Segundo o grupo, vivemos em uma cultura organizada para maximizar eficiência, velocidade, escala e engajamento. Uma cultura pensada para acelerar a velocidade do consumo, mesmo que isso implique eliminar fricções essenciais ao processo criativo, como o erro, a dúvida, a hesitação e os filtros.
"Editores são varejistas; varejistas são influencers; influencers são designers", explica um relatório da organização. Isso gera um "gigante goop quântico" (uma massa quântica gigante) sem distinção.
Na sua newsletter semanal, os psicanalistas brasileiros da Float falaram sobre essa “goonificação”, que explicaram como a substituição da cultura por atividades "compulsivas" – como vídeos virais de segundos e músicas que entram no top 10 mais escutadas por conta de trechos que viralizaram no TikTok.
REPERTÓRIO ARTIFICIAL
O sistema funciona dobrando aquilo que “dá certo”, produzindo variações do mesmo sob a aparência de novidade. O resultado é um ciclo vicioso de conteúdo insípido, regurgitado e repetitivo.

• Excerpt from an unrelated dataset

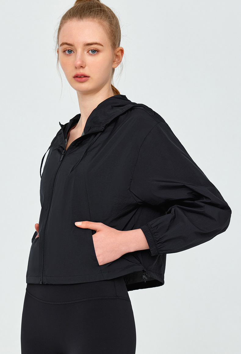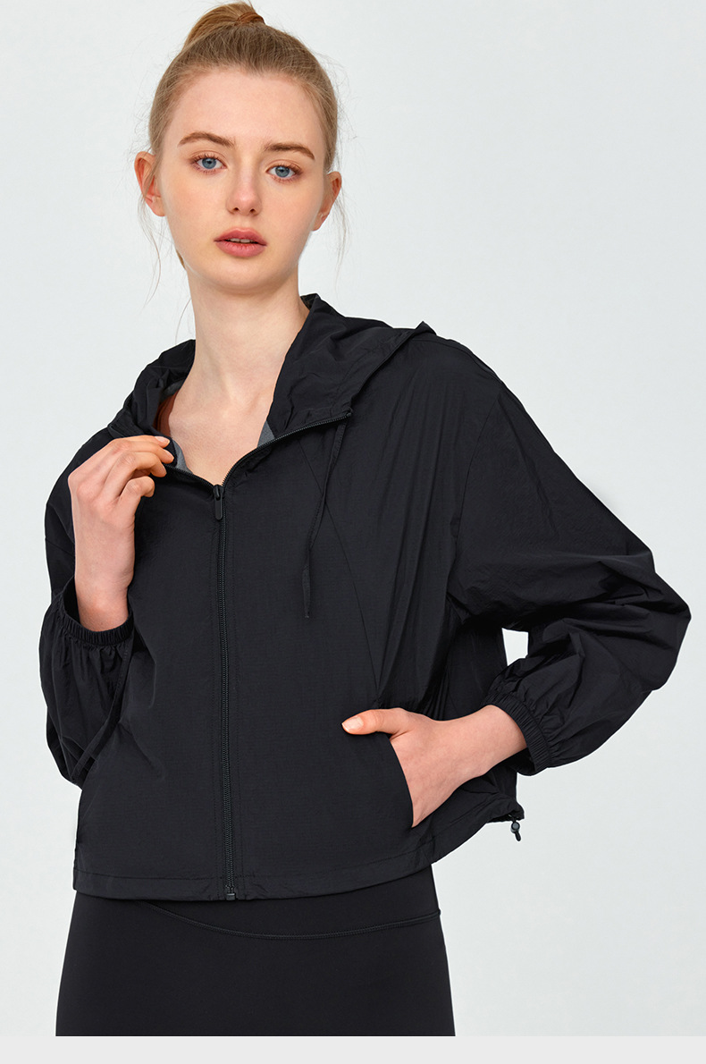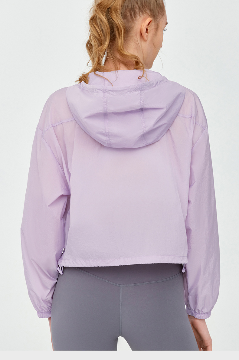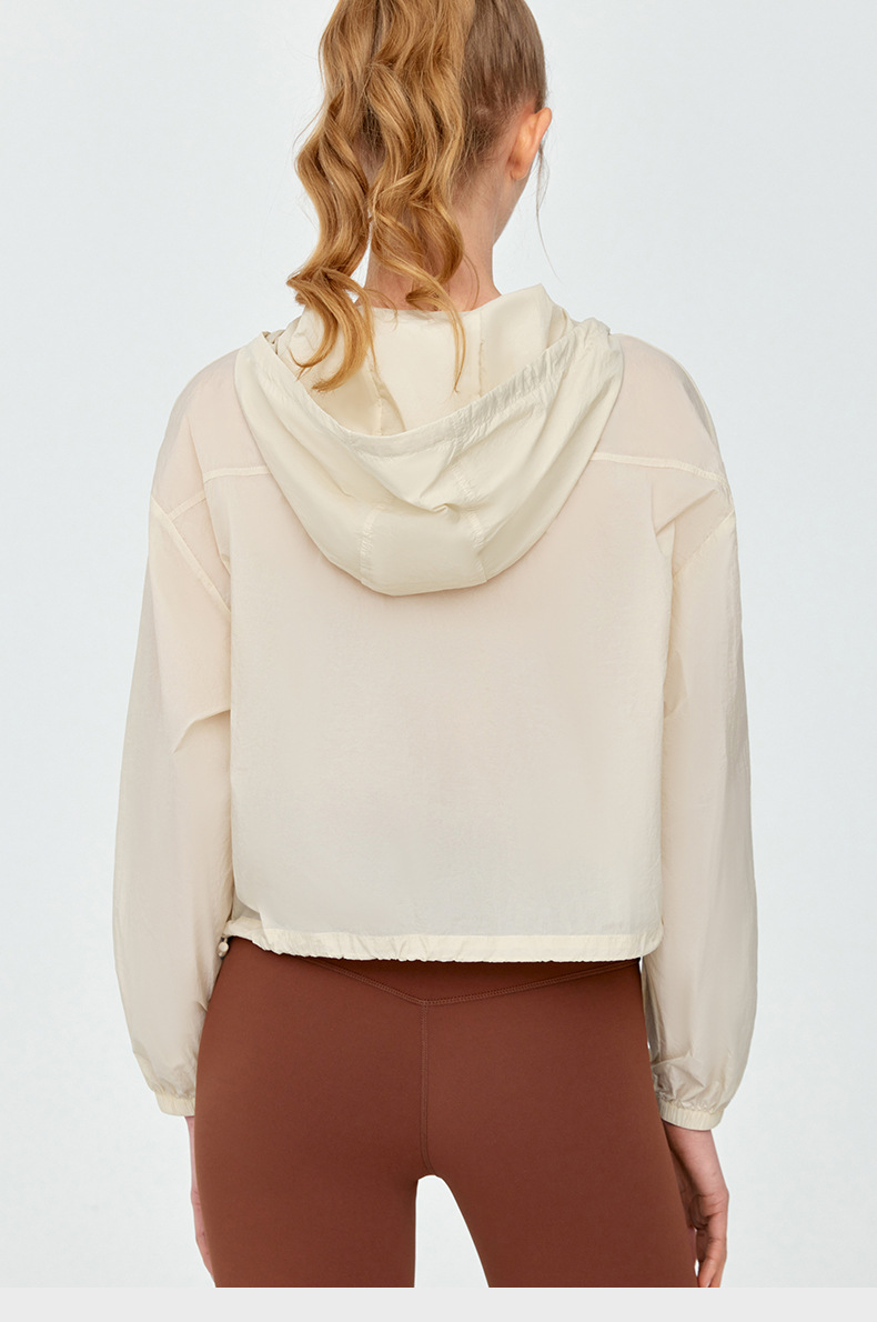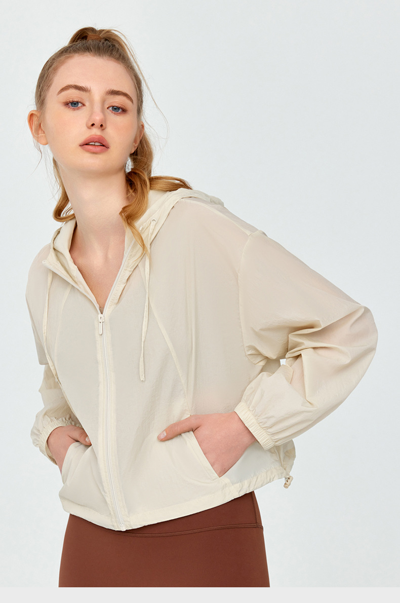 春夏の薄手のフード付きジャケット、女性用アウトドアスポーツ、涼しく通気性のあるヨガトップス、ゆったりとしたカジュアルなショートフィットネスウェア

A sensação para quem usa é a que temos ao ver uma página do Pinterest cheia de referências visuais criadas por IA. São designs tão parecidos que é difícil achar um tom de originalidade. Ou a que temos ao entrar no Linkedin e ler quatro postagens com a mesma estrutura de texto, os tópicos no mesmo parágrafo, as frases opositivas e “provocadoras” em tom parecido.
48% dos brasileiros usuários de internet acham que a IA está tornando tudo "cada vez mais parecido".

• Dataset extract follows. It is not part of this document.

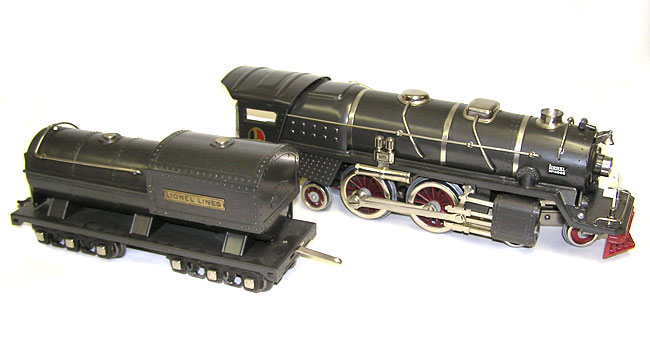 Lionel Gun Metal Gray Standard Gauge No. 400E Loco & TenderHere is one of Lionel's biggest and best engines in a great color - gun-metal gray. This is the No. 400E 4-4-4 Standard Gauge Steam Engine with its matching Tender, all with nickel and brass trim. This is a large and impressive piece. Made between 1927-36. This engine looks great and is in excellent condition. It has been beautifully restored. Pictures tell the story, and please ask any questions. Don't miss. Thanks. Price: $1300 SORRY! SOLD!
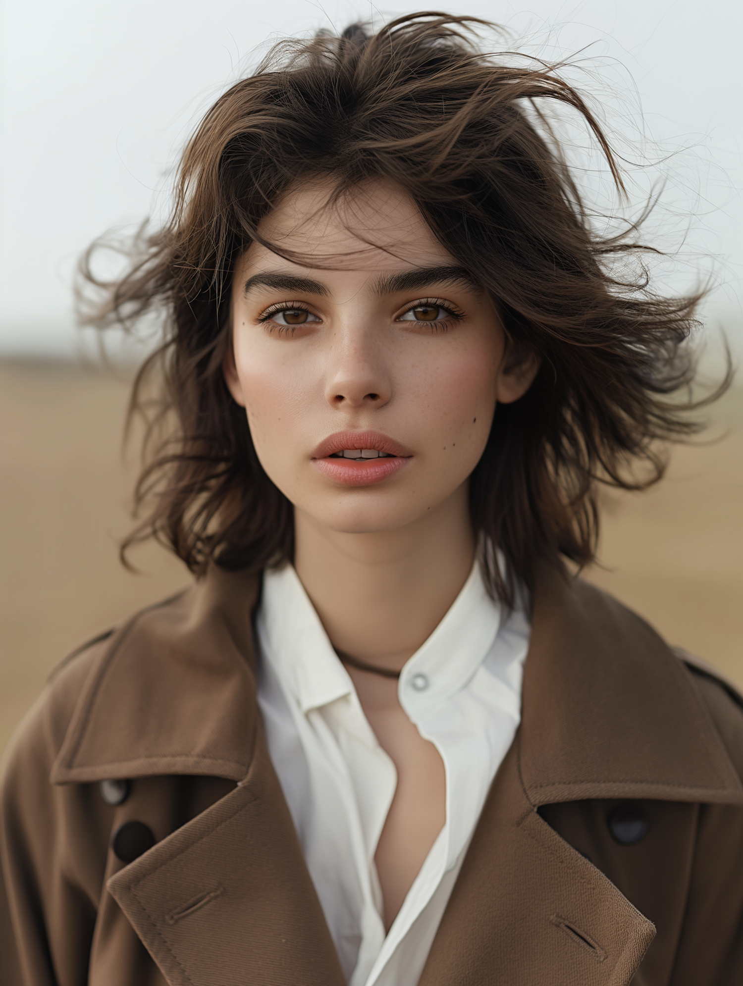 Portrait of a young woman with tousled hair, wearing a brown coat and white shirt, set against a blurred natural background.

“Vamos tendo um 'achatamento' das criações. Funciona, é aceito, mas nada é incrível”, afirma Georgia Reinés, sócia da Página 3 e uma das líderes da pesquisa Mais do Mesmo.
Às vezes, o e-mail que parece rotineiro e “automatizável” no trabalho é exatamente o que faz a pessoa aprender a encontrar o seu tom profissional. Escrever organiza o pensamento e ajuda na descoberta da autenticidade, explica Georgia. “Como as pessoas vão saber quem elas são, o que elas gostam, quais são seus ritmos, se não passam pelo processo?”.
Além disso, tanto a fala quanto a escrita são duas das principais formas que o ser humano tem de transformar informação em conhecimento e em repertório.
TUDO É CÓPIA DE UMA CÓPIA DE UMA CÓPIA
Isso vai para além da internet ou das redes sociais. É só ver a quantidade de reboots, remakes, live actions e franquias que a indústria cinematográfica está lançando. Das 10 maiores bilheterias do mundo em 2025, seis foram continuações de franquias já existentes, duas foram adaptações de videogames para as telas e uma, um drama baseado em uma franquia de esportes.
A cultura hiperotimizada pode parecer criar uma abundância de produtos, mas é mais estagnada do que nunca. Na visão do Office of Applied Strategy: “a cultura se tornou tão autoconsciente, automimética e autorreferencial que pode gerar infinitas variações de si mesma”.
O paradoxo é que essa repetição convive com um desejo crescente por diferença. Segundo o estudo da Página 3, 72% dos brasileiros gostariam de ser mais diferentes dos outros. Para as pesquisadoras, há fagulhas de esperança.

“Ainda não chegamos em um momento em que teríamos zero autonomia. Agora é a hora de parar e pensar criticamente, fazer exercícios de identidade", diz Georgia.
Para ela, não se trata de deixar de usar IA, ou de voltar para a produção completamente orgânica de um texto, por exemplo, mas de criar espaços para a identidade e para o pensamento crítico. As pesquisadoras sugerem rituais mundanos como desacelerar, entrar em contato com outras pessoas e tirar o selo de IA da nossa própria mente.
“O futuro é sobre quem souber ser mais de si mesmo e conseguir pensar por si só", resume Georgia.